In zehn Tagen wird Österreich nicht nur wissen, wer in den nächsten fünf Jahren den ORF führen wird. Dann ist auch von jedem der 35 Stiftungsräte bekannt, wen er gewählt hat: Alexander Wrabetz, Lisa Totzauer, Roland Weißmann, Thomas Prantner oder einen der zehn weiteren Kandidaten, denen heute niemand Chancen gibt. Aufgrund politischer Machtrealität scheint das Rennen schon gelaufen. Weißmann ist der türkise Favorit. ÖVP-Gesandte sind die Mehrheit im Wahlgremium. Im Gesetz steht aber auch: "Die Mitglieder des Stiftungsrates haben dieselbe Sorgfaltspflicht und Verantwortlichkeit wie Aufsichtsratsmitglieder einer Aktiengesellschaft." Ein Abstimmverhalten, das die Hausinteressen Parteiwünschen unterordnet, ist demnach sogar klagbar. Das wirft Fragen auf, die Stiftungsräte (sich) stellen sollten, bevor sie sich leichtfertig als Erfüllungsgehilfen des falschen Absenders offenbaren:
Genügt meine Expertise zur Beurteilung der Konzepte und Kandidaten? Sind mir die Unterschiede ausreichend bewusst? Wer bringt die stärkste demokratiepolitische Position? Wer hat den größten Nutzen für den ORF? Wer versteht am besten die technologischen Herausforderungen? Wer verfügt über die realistischsten Vorstellungen über den Wettbewerb mit globalen Konzernen? Wer hat die klarsten Ansagen für Konkurrenz und Kooperation mit nationalen Marktbegleitern? Wem ist der deutlichste Widerstand gegenüber parteilichen Begehren zuzutrauen? Wer garantiert am ehesten den Vorrang des Informationsauftrags? Wer verkörpert am überzeugendsten die Unabhängigkeit?
Das ist eine Auswahl von bloß zehn nur wenig detaillierten Fragen. Jeder Stiftungsrat sollte sie – und viele andere – samt Begründung überzeugend beantworten können. Gegenüber jedem, der die 650 Millionen Euro Programmentgelt für den ORF per Rundfunkgebühr mitbezahlt. Das bisherige Verhalten von Stiftungsräten weckt jedoch Zweifel an befriedigenden Antworten auf legitime Erkundigungen.

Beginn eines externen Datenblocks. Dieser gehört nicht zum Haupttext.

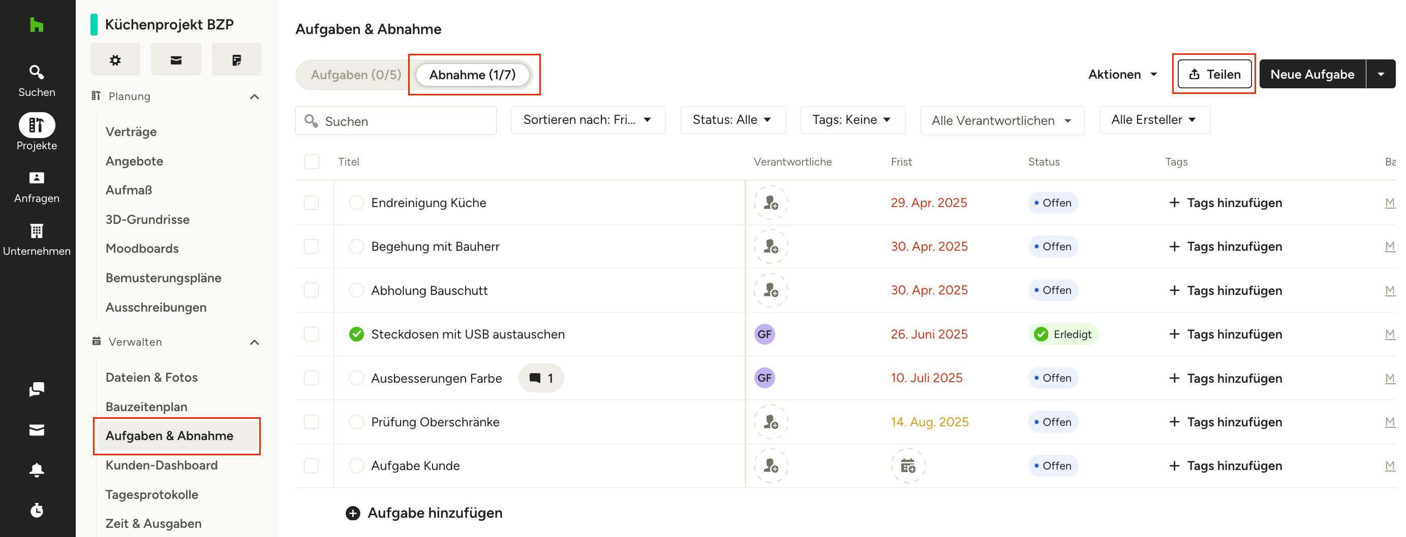 Um eine Abnahmeliste hinzuzufügen, öffnen Sie das gewünschte Projekt und wählen Sie „Aufgaben und Abnahme“ im Menü links.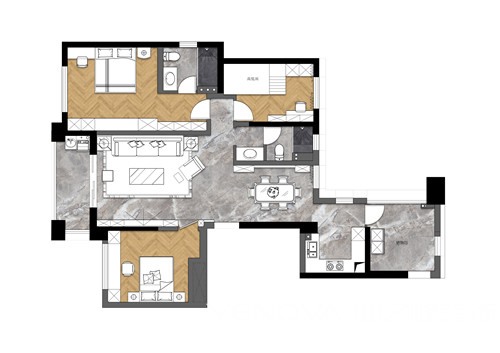 首先,顾客要求保留三间卧室,即主卧、儿童房及次卧。在现场量房中我们发现,顾客的新房是欧式风格的精装房,象牙白的欧式线条搭配灰色花纹墙布,地面是米黄色大理石砖,整体看来苍白单调毫无美感户。我们设计师的建议是全部拆除,方便后期的搭配更统一。经过2个小时的细致量房,以及我们设计师设计好方案后和客户的多次沟通,顾客最终选定好了设计方案。

Dann aber stehen die Delegierten von Bundesregierung (9) und -ländern (9), Parteien (6), Publikums- (6) und Betriebsrat (5) selbst in Frage. Sie haben bei der Wahl am 10. August und der Direktorenkür am 16. September die letzten Chancen, um zu beweisen, dass sie den Anforderungen an Stiftungsräte genügen und nicht als pure parteipolitische Handlanger dienen. Ansonsten sind sie persönlich einer heftigen öffentlichen Debatte auszusetzen. Die Funktionsperiode des Stiftungsrates endet im Mai 2022. Erfüllungsgehilfen dürfen bis dorthin keine Ruhe mehr haben. Das sind wir dem ORF schuldig.
Peter Plaikner ist Politikanalyst und Medienberater mit Standorten in Tirol, Wien und Kärnten.